:: PROVIDED RECORDS

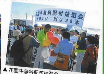
▲花園牛無料配布抽選会
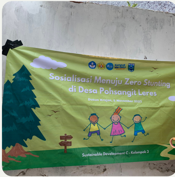
Pemasangan banner sosialisasi di Posyandu oleh panitia
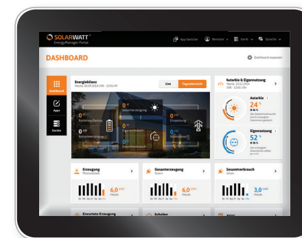
EnergyManager Portal de SOLARWATT
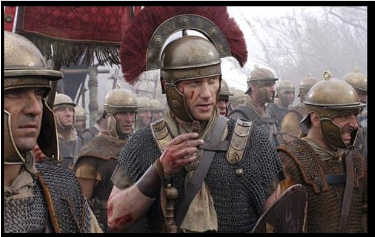
Prilog 5. Prikaz iz BBC-ove serije Rim

prikazan je i signifer s prepoznatljivom kacigom u obliku vuka, iako su signifer imali normalne kacige s krznima medvjeda ili lavova. Slika prikazuje dio bitke za Aleziju, a zanimljiv je prikaz borbe centurije. Vorenus pomoću zviždaljke daje znak za promjenu prvog reda, dok legionari drže legionara ispred sebe za oklop kako bi se održala uređenost postrojbe. Iako je ovakva pretpostavka zanimljiva, za nju nema potvrde u izvorima, te centurija vjerojatno nije imala ovakav stil borbe a centurion nije imao zviždaljku kojom je davao naredbe.
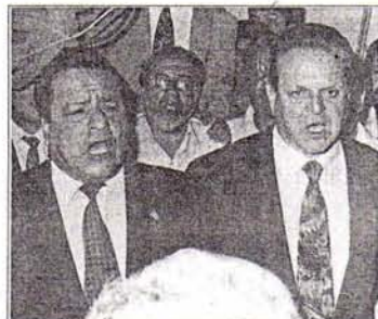
El senador San Román llegó anoche procedente de Estados Unidos y en el aeropuerto fue recibido por diputados y senadores, quienes lo reconocieron como el nuevo presidente del Perú.

Incluso se remontó hasta los primeros días de
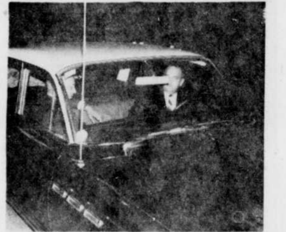
UNE SURVEILLANCE. — Cette photographie a été prise à Montréal, rue Ste-Catherine, alors que les deux détectives de la Sûreté municipale de Victoriaville, effectuait la surveillance d'un individu qu'ils recherchaient.

à Maniwaki, à quelque 50 milles de l'autre côté de Mont-Laurier. Ils devaient aller chercher une jeune fille que la police de l'endroit avait arrêtée, à la demande des limiers de Victoriaville, parce que cette dernière était portée disparue; elle n'avait pas donné de ses nouvelles depuis plusieurs mois à ses parents.

::::

Only the lines from the one containing "Prilog 5. Prikaz iz BBC-ove serije Rim" through the last line of the entries above, both included, belong in the answer, written out exactly; pictures do not.

Prilog 5. Prikaz iz BBC-ove serije Rim

prikazan je i signifer s prepoznatljivom kacigom u obliku vuka, iako su signifer imali normalne kacige s krznima medvjeda ili lavova. Slika prikazuje dio bitke za Aleziju, a zanimljiv je prikaz borbe centurije. Vorenus pomoću zviždaljke daje znak za promjenu prvog reda, dok legionari drže legionara ispred sebe za oklop kako bi se održala uređenost postrojbe. Iako je ovakva pretpostavka zanimljiva, za nju nema potvrde u izvorima, te centurija vjerojatno nije imala ovakav stil borbe a centurion nije imao zviždaljku kojom je davao naredbe.
El senador San Román llegó anoche procedente de Estados Unidos y en el aeropuerto fue recibido por diputados y senadores, quienes lo reconocieron como el nuevo presidente del Perú.

Incluso se remontó hasta los primeros días de
UNE SURVEILLANCE. — Cette photographie a été prise à Montréal, rue Ste-Catherine, alors que les deux détectives de la Sûreté municipale de Victoriaville, effectuait la surveillance d'un individu qu'ils recherchaient.

à Maniwaki, à quelque 50 milles de l'autre côté de Mont-Laurier. Ils devaient aller chercher une jeune fille que la police de l'endroit avait arrêtée, à la demande des limiers de Victoriaville, parce que cette dernière était portée disparue; elle n'avait pas donné de ses nouvelles depuis plusieurs mois à ses parents.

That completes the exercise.